Copy, word for word, the lines below from the one containing "Voor de bescherming" up to and including the one containing "V48 Dr. Senckenbergische", with pictures left out.

■ Material to process
-- -- --

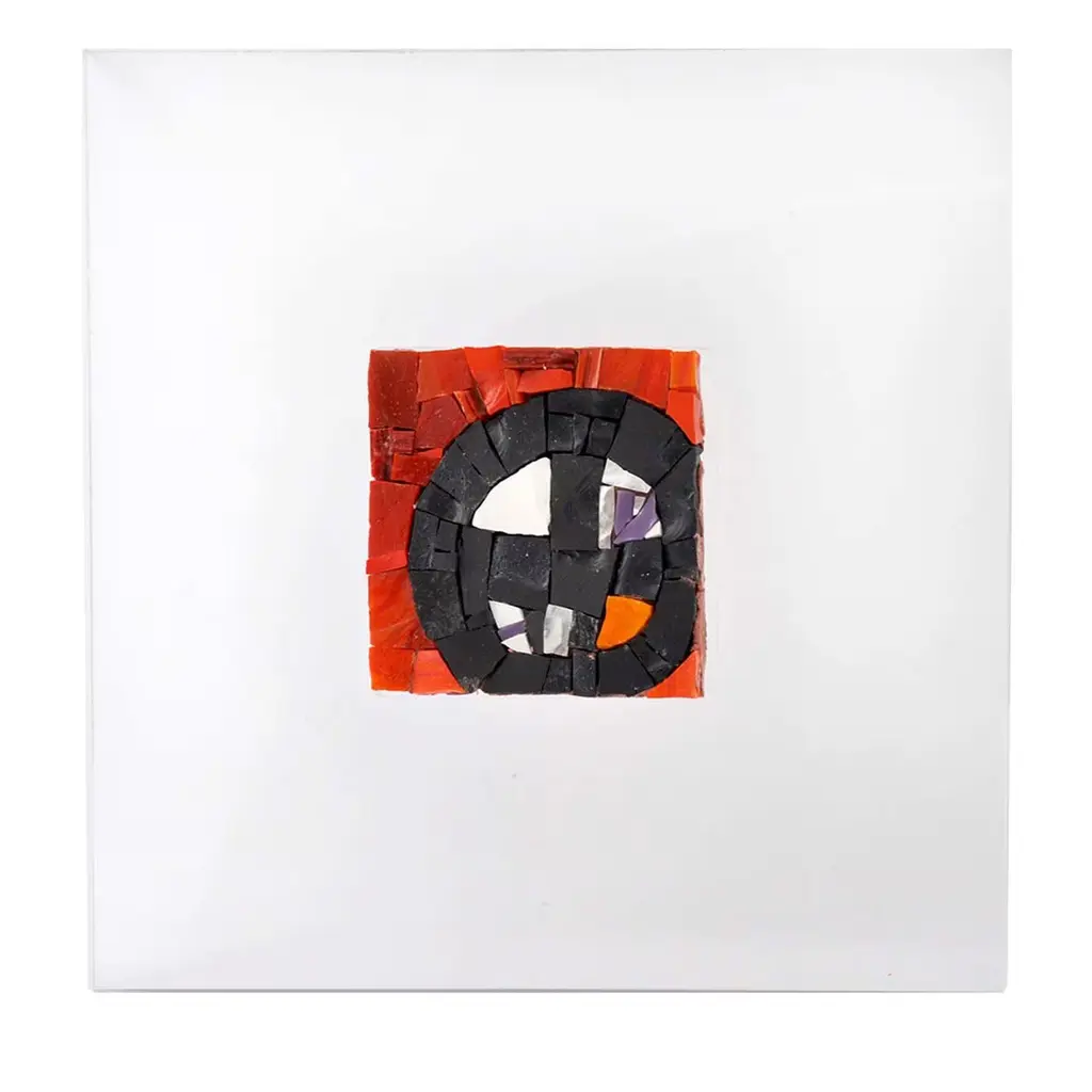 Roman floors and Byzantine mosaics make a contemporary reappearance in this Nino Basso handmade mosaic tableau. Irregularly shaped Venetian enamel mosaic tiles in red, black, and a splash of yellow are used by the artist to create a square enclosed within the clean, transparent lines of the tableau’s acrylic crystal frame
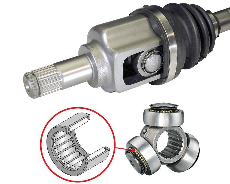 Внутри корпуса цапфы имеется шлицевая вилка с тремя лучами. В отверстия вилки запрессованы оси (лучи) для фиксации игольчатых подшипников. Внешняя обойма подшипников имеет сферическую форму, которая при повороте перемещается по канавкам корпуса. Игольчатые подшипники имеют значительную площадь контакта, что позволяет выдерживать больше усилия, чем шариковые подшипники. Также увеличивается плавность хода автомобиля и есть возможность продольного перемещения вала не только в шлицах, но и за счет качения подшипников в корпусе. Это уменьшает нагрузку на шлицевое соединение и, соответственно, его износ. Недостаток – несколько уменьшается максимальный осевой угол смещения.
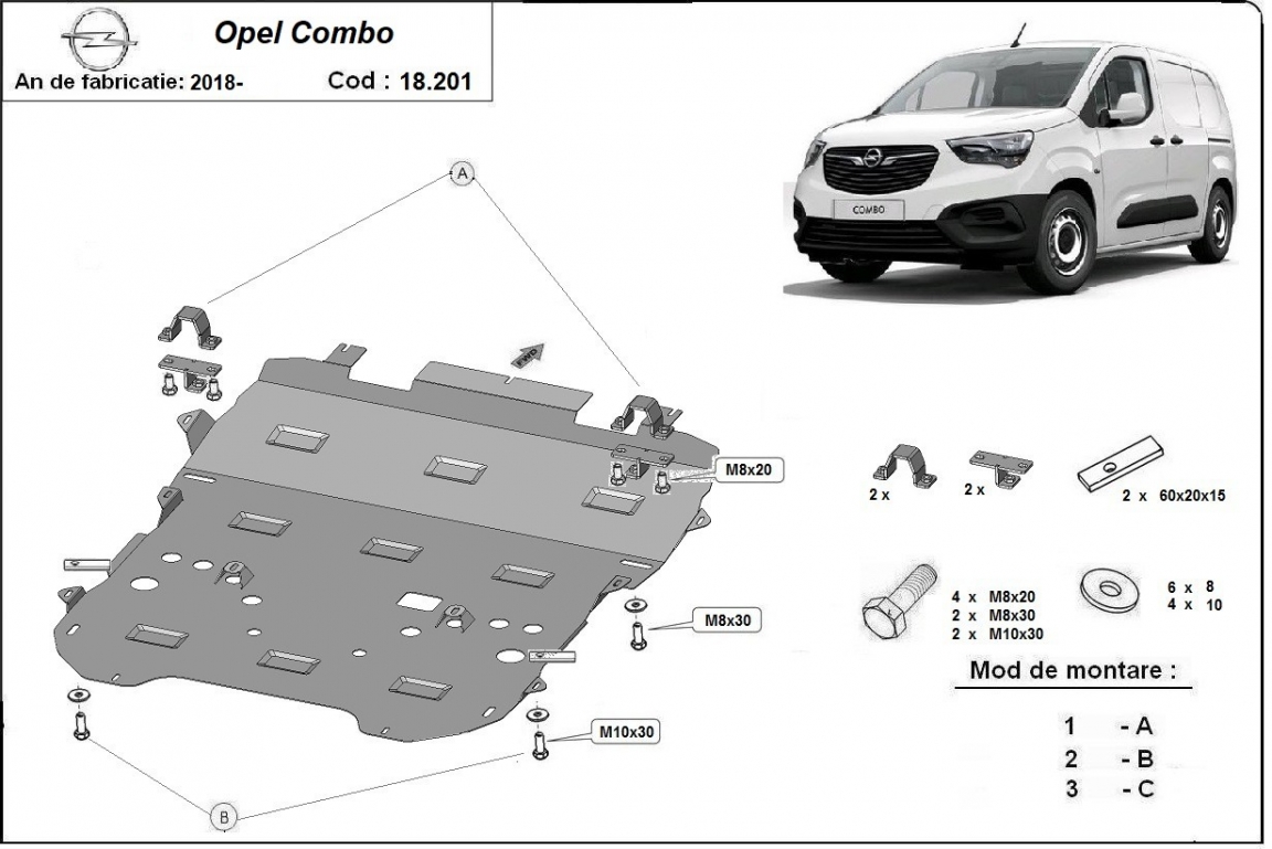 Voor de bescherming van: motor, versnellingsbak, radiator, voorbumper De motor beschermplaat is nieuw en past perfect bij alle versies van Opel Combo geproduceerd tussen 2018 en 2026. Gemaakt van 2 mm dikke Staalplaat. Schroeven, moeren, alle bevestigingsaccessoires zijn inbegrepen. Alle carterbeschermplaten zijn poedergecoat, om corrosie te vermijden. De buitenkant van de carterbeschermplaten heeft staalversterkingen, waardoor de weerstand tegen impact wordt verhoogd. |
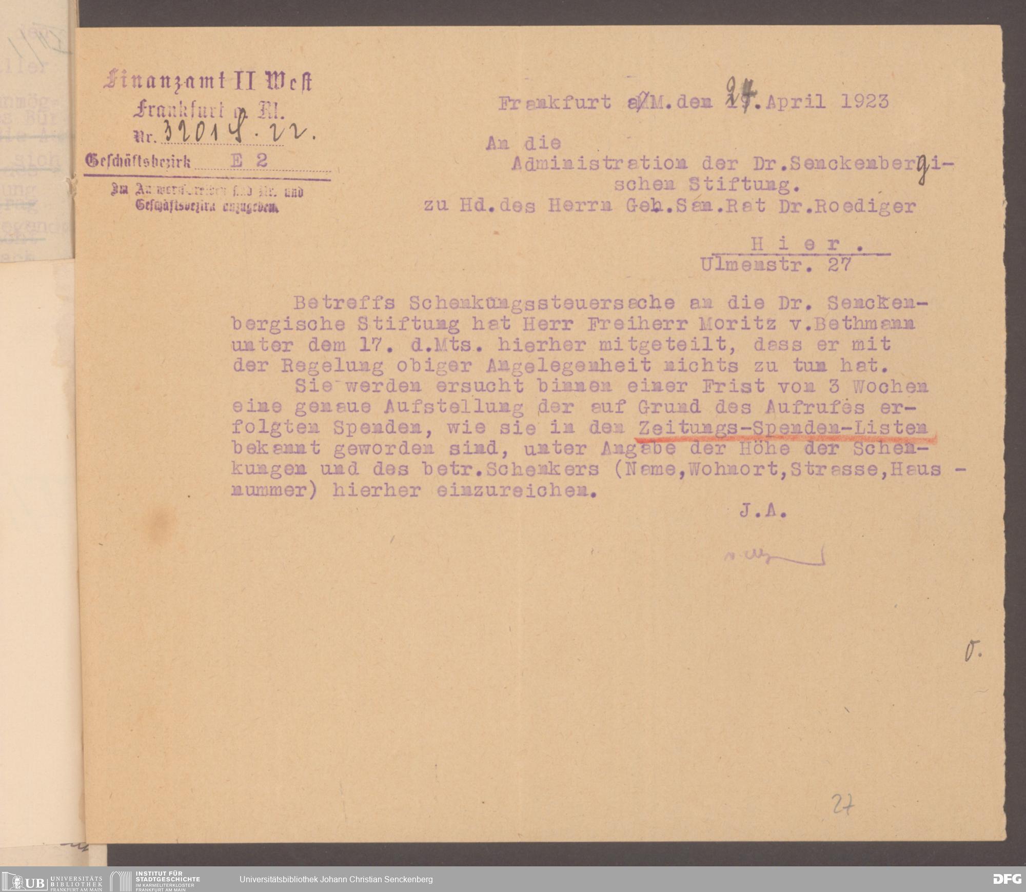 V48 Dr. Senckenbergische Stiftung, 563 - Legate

-- -- --

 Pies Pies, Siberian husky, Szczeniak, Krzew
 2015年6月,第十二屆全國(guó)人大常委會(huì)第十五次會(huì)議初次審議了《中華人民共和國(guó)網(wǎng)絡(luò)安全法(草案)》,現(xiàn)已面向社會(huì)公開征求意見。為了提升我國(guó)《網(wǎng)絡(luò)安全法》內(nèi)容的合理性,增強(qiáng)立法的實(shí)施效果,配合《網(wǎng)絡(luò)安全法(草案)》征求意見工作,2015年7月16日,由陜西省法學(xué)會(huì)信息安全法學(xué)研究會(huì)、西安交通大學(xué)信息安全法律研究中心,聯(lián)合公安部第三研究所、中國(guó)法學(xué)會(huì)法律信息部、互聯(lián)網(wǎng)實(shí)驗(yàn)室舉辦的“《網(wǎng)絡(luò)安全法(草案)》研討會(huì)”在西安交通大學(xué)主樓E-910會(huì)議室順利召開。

-- -- --

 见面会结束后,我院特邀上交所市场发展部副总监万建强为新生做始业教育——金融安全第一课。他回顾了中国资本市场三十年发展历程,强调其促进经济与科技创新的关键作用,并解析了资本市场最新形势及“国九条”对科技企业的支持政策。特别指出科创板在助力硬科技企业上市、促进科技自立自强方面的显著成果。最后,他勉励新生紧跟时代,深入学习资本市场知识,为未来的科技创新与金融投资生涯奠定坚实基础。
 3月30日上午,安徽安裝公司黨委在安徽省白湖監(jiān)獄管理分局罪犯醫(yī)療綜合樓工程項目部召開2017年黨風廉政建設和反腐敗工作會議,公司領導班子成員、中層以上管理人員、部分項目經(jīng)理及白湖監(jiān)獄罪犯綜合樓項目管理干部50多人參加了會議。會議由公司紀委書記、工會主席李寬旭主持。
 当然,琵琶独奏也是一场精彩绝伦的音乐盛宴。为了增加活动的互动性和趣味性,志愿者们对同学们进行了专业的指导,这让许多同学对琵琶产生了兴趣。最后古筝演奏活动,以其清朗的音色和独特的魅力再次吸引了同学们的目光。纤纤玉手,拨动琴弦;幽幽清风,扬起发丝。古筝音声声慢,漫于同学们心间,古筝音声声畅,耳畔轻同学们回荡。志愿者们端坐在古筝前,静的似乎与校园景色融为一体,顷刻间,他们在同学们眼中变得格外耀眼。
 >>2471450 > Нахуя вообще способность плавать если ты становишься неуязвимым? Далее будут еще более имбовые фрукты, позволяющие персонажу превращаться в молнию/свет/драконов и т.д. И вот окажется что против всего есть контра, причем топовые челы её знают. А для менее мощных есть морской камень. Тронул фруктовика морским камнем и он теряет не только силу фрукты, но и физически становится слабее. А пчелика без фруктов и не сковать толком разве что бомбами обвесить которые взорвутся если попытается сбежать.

-- -- --

■ Exercise answer
 Voor de bescherming van: motor, versnellingsbak, radiator, voorbumper De motor beschermplaat is nieuw en past perfect bij alle versies van Opel Combo geproduceerd tussen 2018 en 2026. Gemaakt van 2 mm dikke Staalplaat. Schroeven, moeren, alle bevestigingsaccessoires zijn inbegrepen. Alle carterbeschermplaten zijn poedergecoat, om corrosie te vermijden. De buitenkant van de carterbeschermplaten heeft staalversterkingen, waardoor de weerstand tegen impact wordt verhoogd. |
 V48 Dr. Senckenbergische Stiftung, 563 - Legate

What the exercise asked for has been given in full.